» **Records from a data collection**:

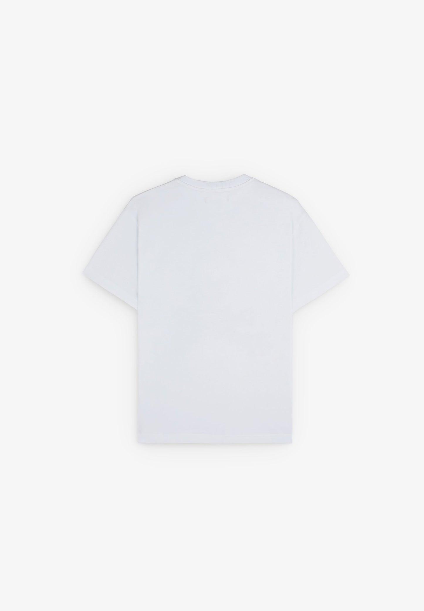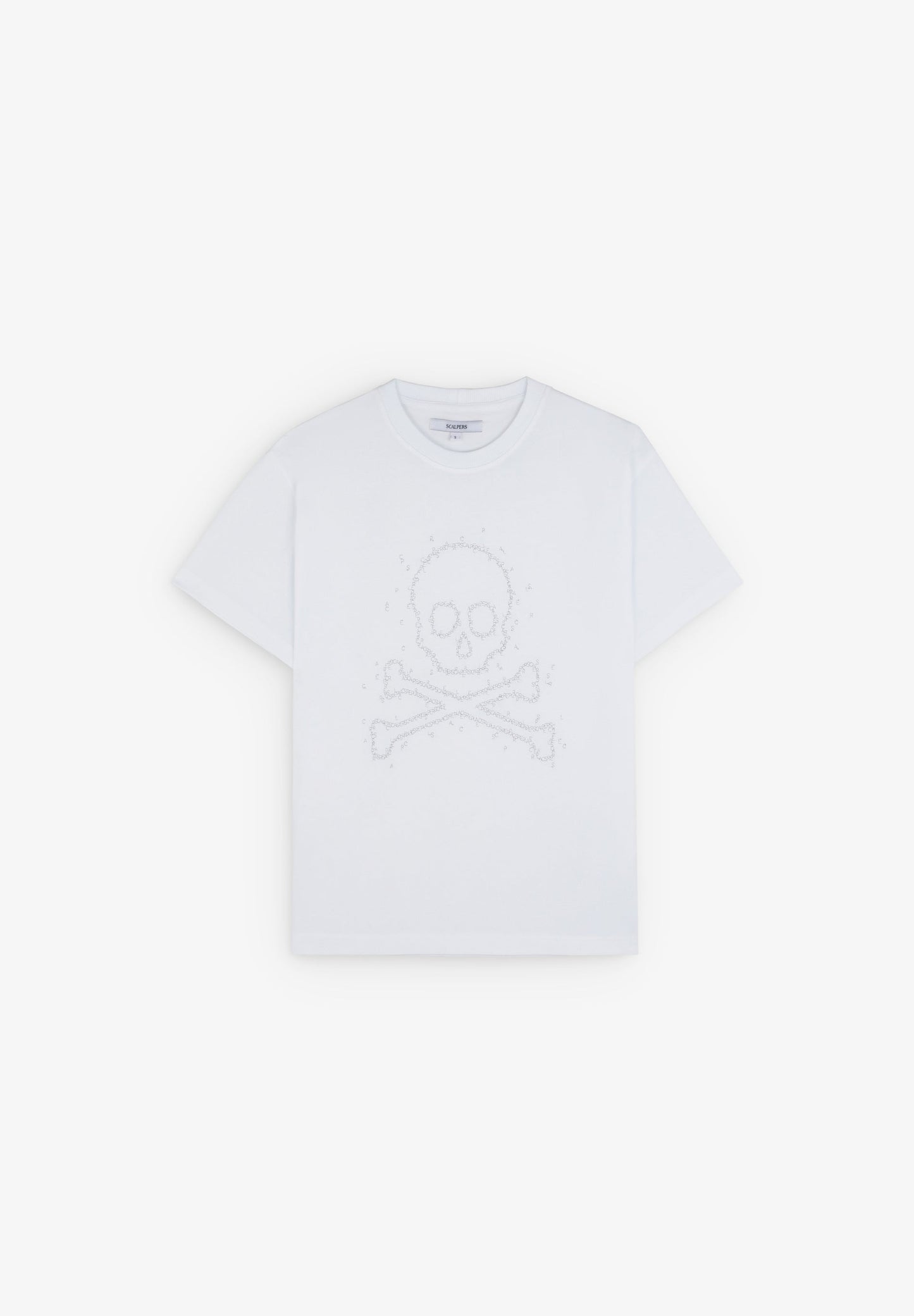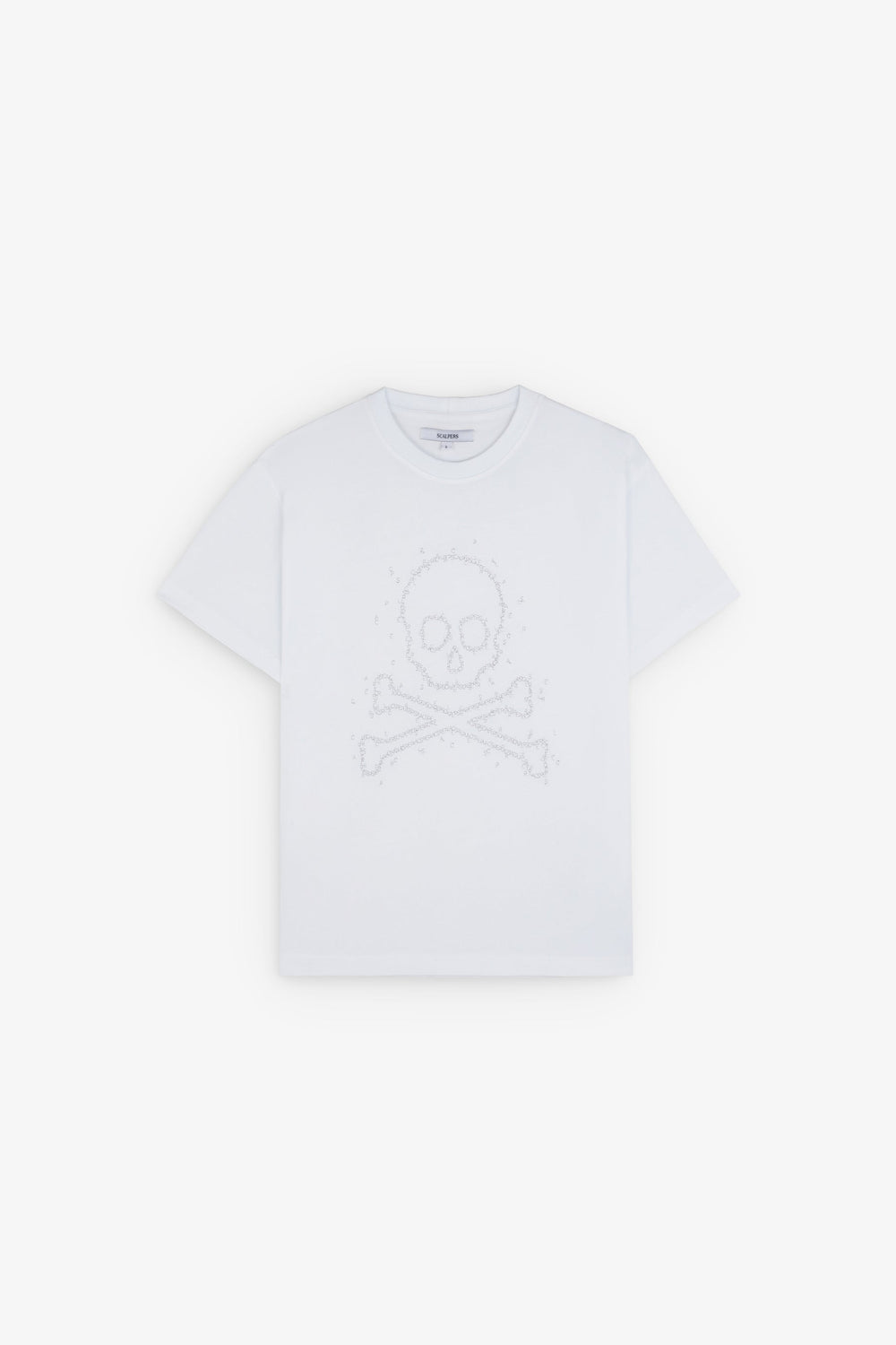 Camiseta confeccionada en 100% algodón con print de letras como contorno de la calavera. Corte regular fit, cuello redondo y manga corta.
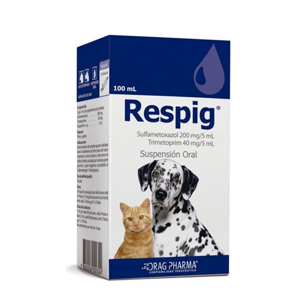 Respig 100 ml suspensión oral es un antimicrobiano de amplio espectro indicado para el tratamiento de infecciones del tracto respiratorio, tracto urinario e infecciones de tejidos blandos, causadas por bacterias Gram positivas y Gram negativas susceptibles al Sulfametoxazol y Trimetoprima.
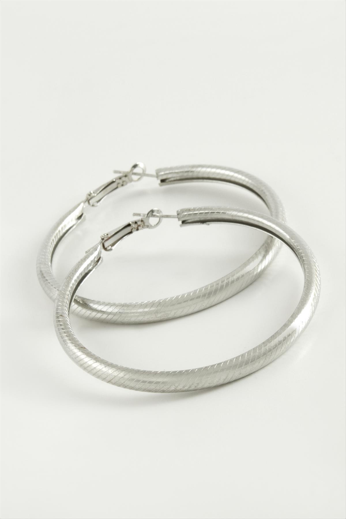 Küpe; Ürün malzemesi metaldir. Küpe halka çapı 5,5 cmdir. Kartlıdır.
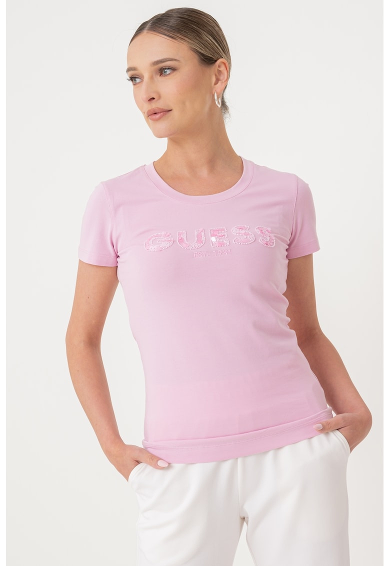 Caracteristici Culoare: roz pastel Imprimeu: logo Material: bumbac Croiala: regular fit Model: rotund Lungime maneca: maneca scurta Detalii: aplicatii cu paiete Compozitie Exterior: 95% bumbac
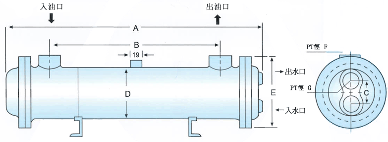 形式編號(hào) | A | B | C | D | E | F | G | 散熱管 | 散熱面積 | 油箱容量 | 重量 | 泵浦流量 | 水流量 |
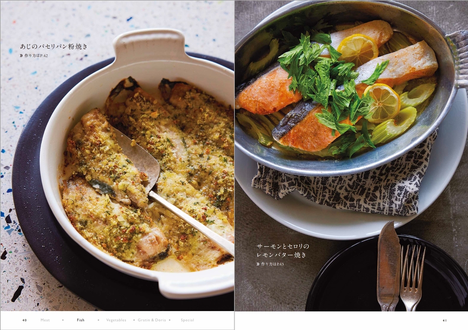 この本では、「材料を切って、味をつけて、耐熱容器に入れてオーブンで焼くだけ」と手軽に毎日のおかず作りに役立つレシピをたくさん紹介しています。
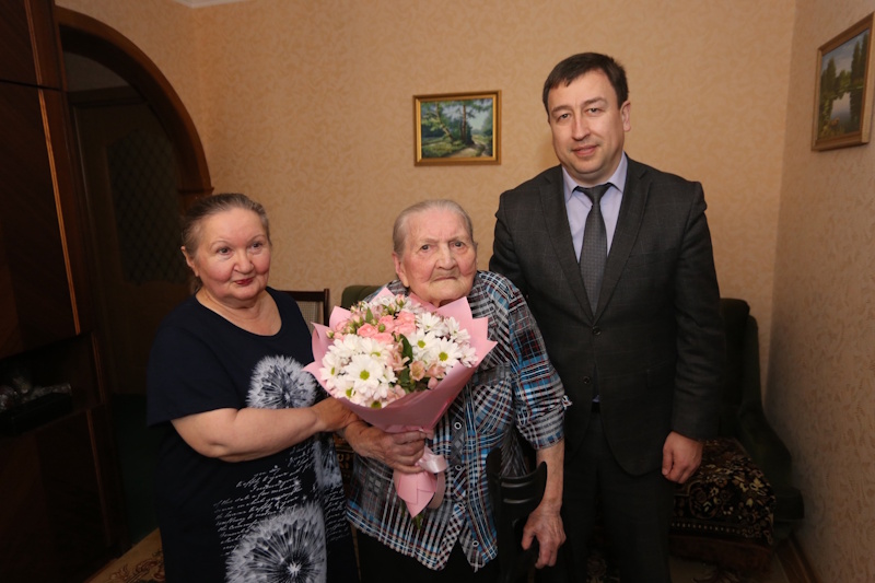 15 марта исполнилось 100 лет труженице тыла, ветерану Людмиле Степановне Песковой из Саранска. Поздравить юбиляра в этот весенний день пришел глава Ленинского района Владимир Пряхин. Он вручил ветерану письмо с поздравлениями от Президента России Владимира Путина, а также передал от имени Главы республики Артёма Здунова букет цветов и подарок.
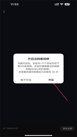 3、當(dāng)頁面彈出提示后,點擊開啟的按鈕即可開始離線。
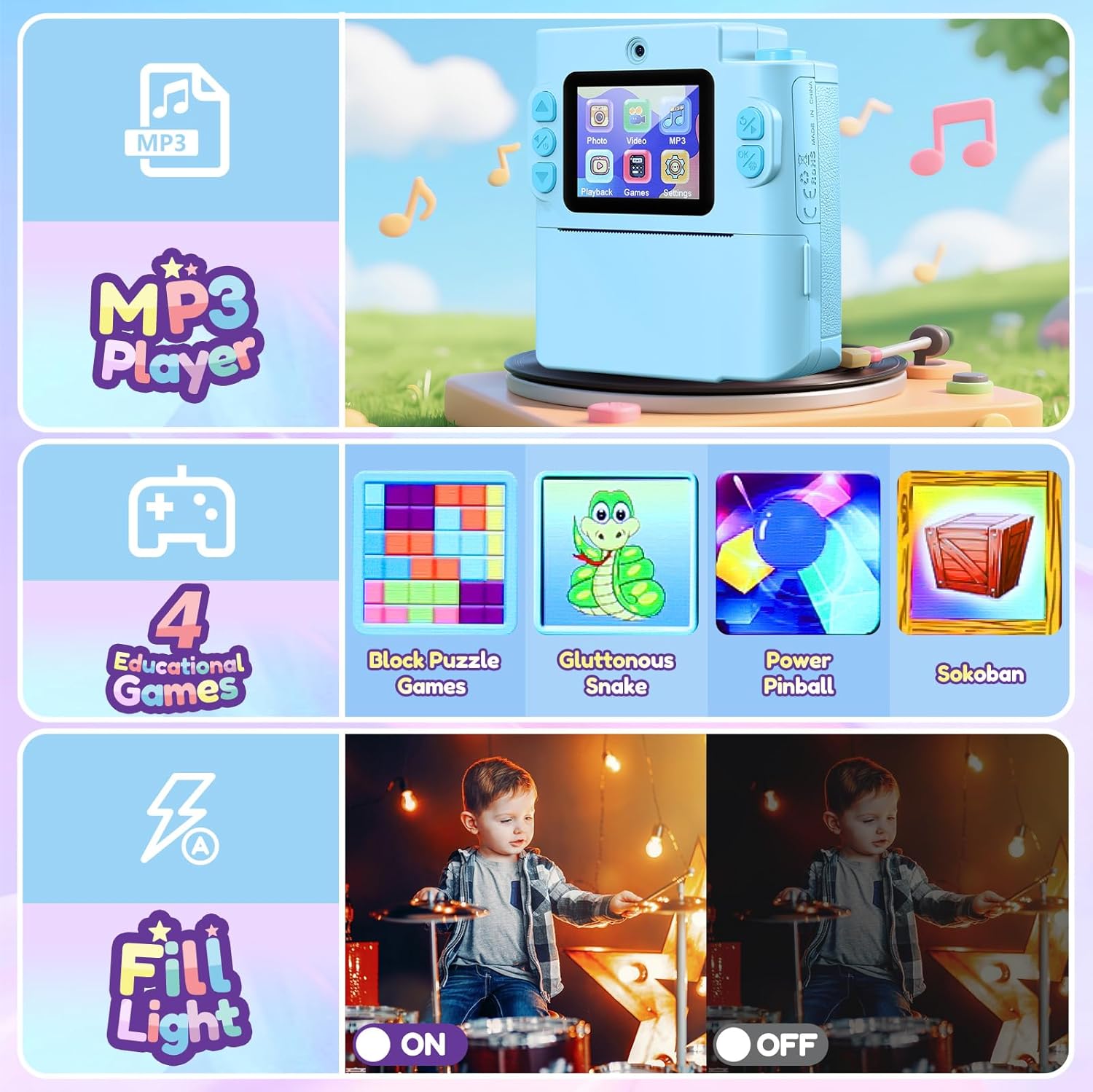 - Camera for Kids with Instant Prints: Using thermal inkless fast print technology, the ink never runs out. This kids camera is a more cost effective solution for kids. And the digital print camera also works with colored thermal papers (Not included, requires separate purchase). Optimal birthday gifts for boys. See the excitement on kid's face when printing what they have captured in 3 seconds!

» **About this exercise**:
Starting at the line above that contains "この本では、「材料を切って、", transcribe every line exactly through the line that contains "3、當(dāng)頁面彈出提示后,點擊開啟的按鈕即可開始離線。", including that last one, and skip the pictures.

» **Response**:
 この本では、「材料を切って、味をつけて、耐熱容器に入れてオーブンで焼くだけ」と手軽に毎日のおかず作りに役立つレシピをたくさん紹介しています。
 15 марта исполнилось 100 лет труженице тыла, ветерану Людмиле Степановне Песковой из Саранска. Поздравить юбиляра в этот весенний день пришел глава Ленинского района Владимир Пряхин. Он вручил ветерану письмо с поздравлениями от Президента России Владимира Путина, а также передал от имени Главы республики Артёма Здунова букет цветов и подарок.
 3、當(dāng)頁面彈出提示后,點擊開啟的按鈕即可開始離線。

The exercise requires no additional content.